In simple words: For both parts, we first changed the repeating digit sums into a pattern of powers of 10 minus 1. Then, we used the formula for the sum of a geometric progression and a simple sum of 1s to find the total sum for \( n \) terms.
๐ฏ Exam Tip: These types of series problems are common.

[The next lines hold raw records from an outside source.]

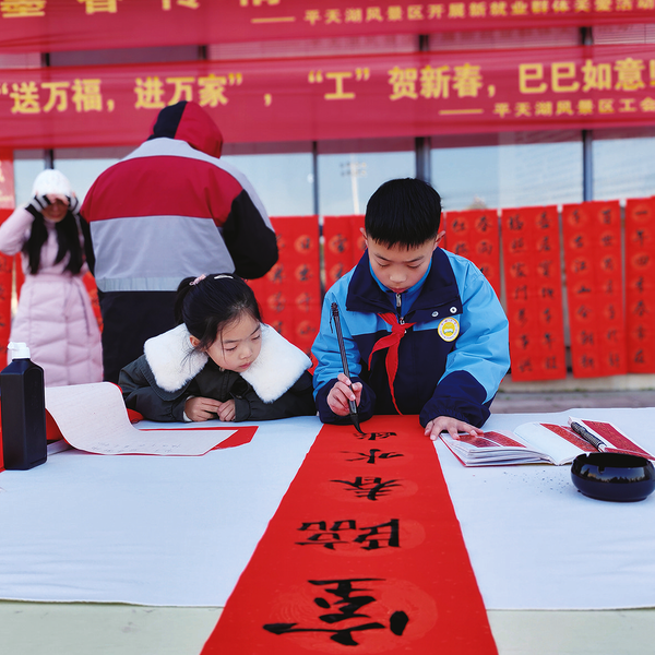 ▲贵池区永明小学402班李子沐同学在老师的带领下,参加由平天湖管委会举办的“墨香传情 新春送福”活动,为新就业群体写春联。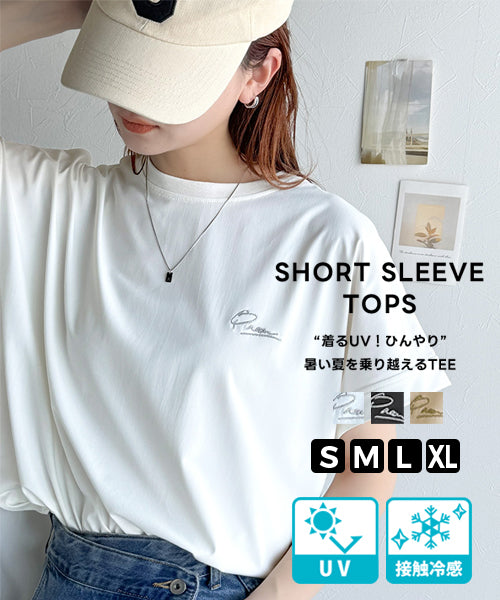 着るUV!ひんやりバックファスナードルマンスリーブ胸刺繍半袖トップス(接触冷感/UVカット/遮熱機能) ce1260389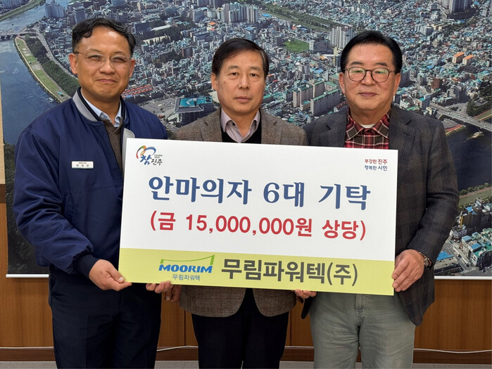 무림파워텍(주)(대표 이형수)는 5일 진주시복지재단(이사장 이성갑)에 안마의자 6대(환가액 1,500만여 원 상당)를 기탁했다.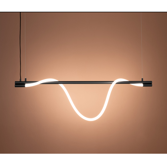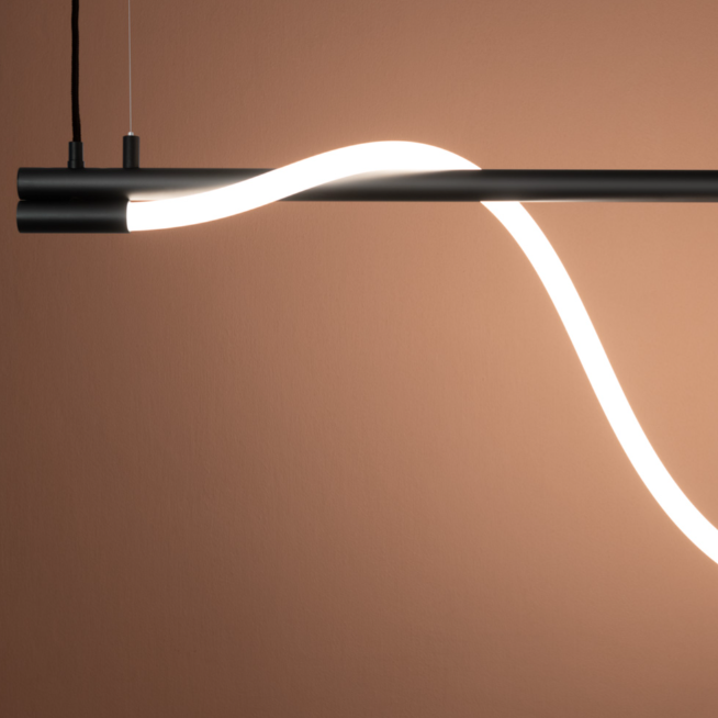 Spritzer to lampa o dynamicznych, płynnych kształtach. Światło, zamknięte w elastycznej tubie, rozchodzi się delikatnie wzdłuż precyzyjnie zdefiniowanych linii. Ta elegancka oprawa doskonale współgra w grupie z innymi lampami tego samego rodzaju, tworząc niepowtarzalne konstelacje świetlne.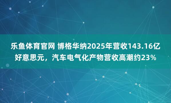 乐鱼体育官网 博格华纳2025年营收143.16亿好意思元,汽车电气化产物营收高潮约23%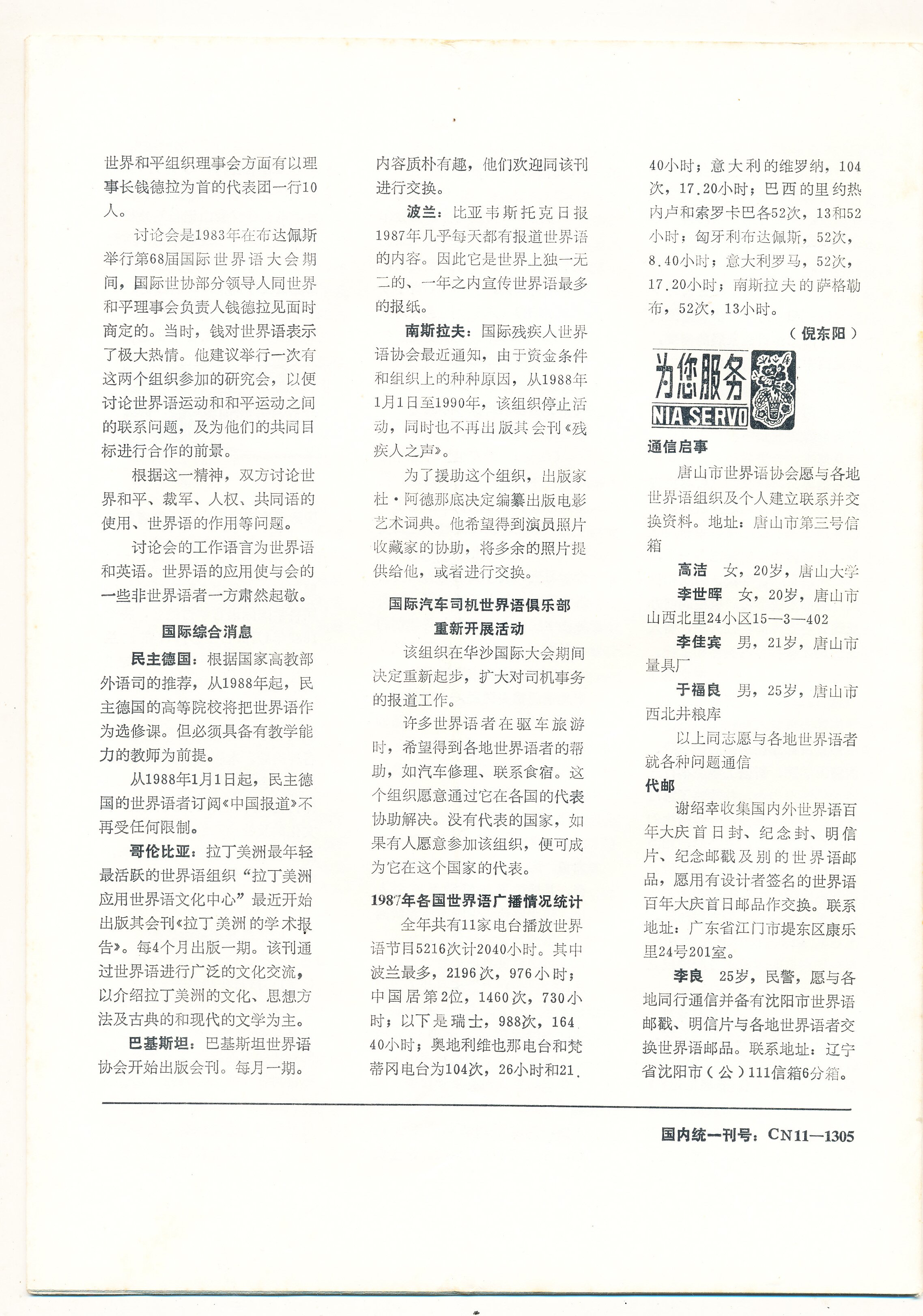 1987年9月25日黑龙江省青年世界语协会的通知

Always remember the trick of multiplying and dividing by 9 (or a similar number) to convert the terms into powers of 10 minus 1, which then allows you to use GP sum formulas.
Question 4. Compute the sum of first n terms of \( 1 + (1 + 4) + (1 + 4 + 4^2) + (1 + 4 + 4^2 + 4^3) + \dots \)
Answer: The given series is \( 1 + (1 + 4) + (1 + 4 + 4^2) + (1 + 4 + 4^2 + 4^3) + \dots \)
Let's find the \( n^{th} \) term of the series, denoted as \( T_n \).
The \( n^{th} \) term is \( T_n = 1 + 4 + 4^2 + 4^3 + \dots + 4^{n-1} \).
This is a geometric progression with first term \( a = 1 \), common ratio \( r = 4 \), and \( n \) terms.
The sum of a GP is \( S_{GP} = \frac{a(r^n - 1)}{r - 1} \).
So, \( T_n = \frac{1(4^n - 1)}{4 - 1} \)
\( T_n = \frac{4^n - 1}{3} \)
Now, we need to find the sum of the first \( n \) terms of the main series, \( S_n \).
\( S_n = \sum_{k=1}^{n} T_k = \sum_{k=1}^{n} \frac{4^k - 1}{3} \)
\( S_n = \frac{1}{3} \sum_{k=1}^{n} (4^k - 1) \)
\( S_n = \frac{1}{3} \left[ \sum_{k=1}^{n} 4^k - \sum_{k=1}^{n} 1 \right] \)
The first part \( \sum_{k=1}^{n} 4^k = (4^1 + 4^2 + 4^3 + \dots + 4^n) \) is a geometric progression with first term \( a = 4 \), common ratio \( r = 4 \), and \( n \) terms.
Its sum is \( S'_{GP} = \frac{4(4^n - 1)}{4 - 1} = \frac{4(4^n - 1)}{3} \).
The second part \( \sum_{k=1}^{n} 1 = n \).
Substitute these back into the expression for \( S_n \):
\( S_n = \frac{1}{3} \left[ \frac{4(4^n - 1)}{3} - n \right] \)
\( S_n = \frac{1}{9} [4(4^n - 1) - 3n] \)
This expression gives the sum of the first \( n \) terms of the series. This type of problem often involves finding a general term that is itself a sum.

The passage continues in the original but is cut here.